He rubbed the back of his hand against his mouth and he looked dissappointed.

‘You’ve not heard them have you?’

‘Did it not occur that a mackerel might make a sound as it is caught and there might be some indignation in that.’

‘Will you imagine for a moment if some great feck put an axe in the side of your face and then pulled you up short through the very air that you breathe and then takes a piece of sharp wood to the back of your head. If you were lucky there’d be no time to make a sound.’

‘It’s the sound in the water they make. Most men they are only in there for such a short time they don’t give themselves a chance to listen. But if you’re in a boat out there and there is not too much going on put your head over the side and into the sea for a while and tell me what you can hear.’
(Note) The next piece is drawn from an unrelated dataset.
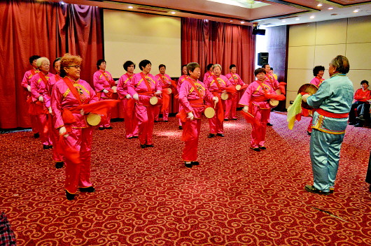 元宵节临近,济南市市中区大观园街道办的居民正在排练灯会节目。 本报见习记者 于悦 摄

‘Once your head is in the water you will need to shake the air out of your ears. But once you have done that keep still and listen. It will be quiet for a while but then you will hear it deep down below like a great rush of wind through trees thick with leaves. Down there it is so dark there is nothing to see but there could be a million fish moving by so solid in the water they could stop you from sinking.’

‘You want to know about my dreams. Well I dream on the noise that those fish make as they move through the water. Now will you feck off into the pub and get me a pint.’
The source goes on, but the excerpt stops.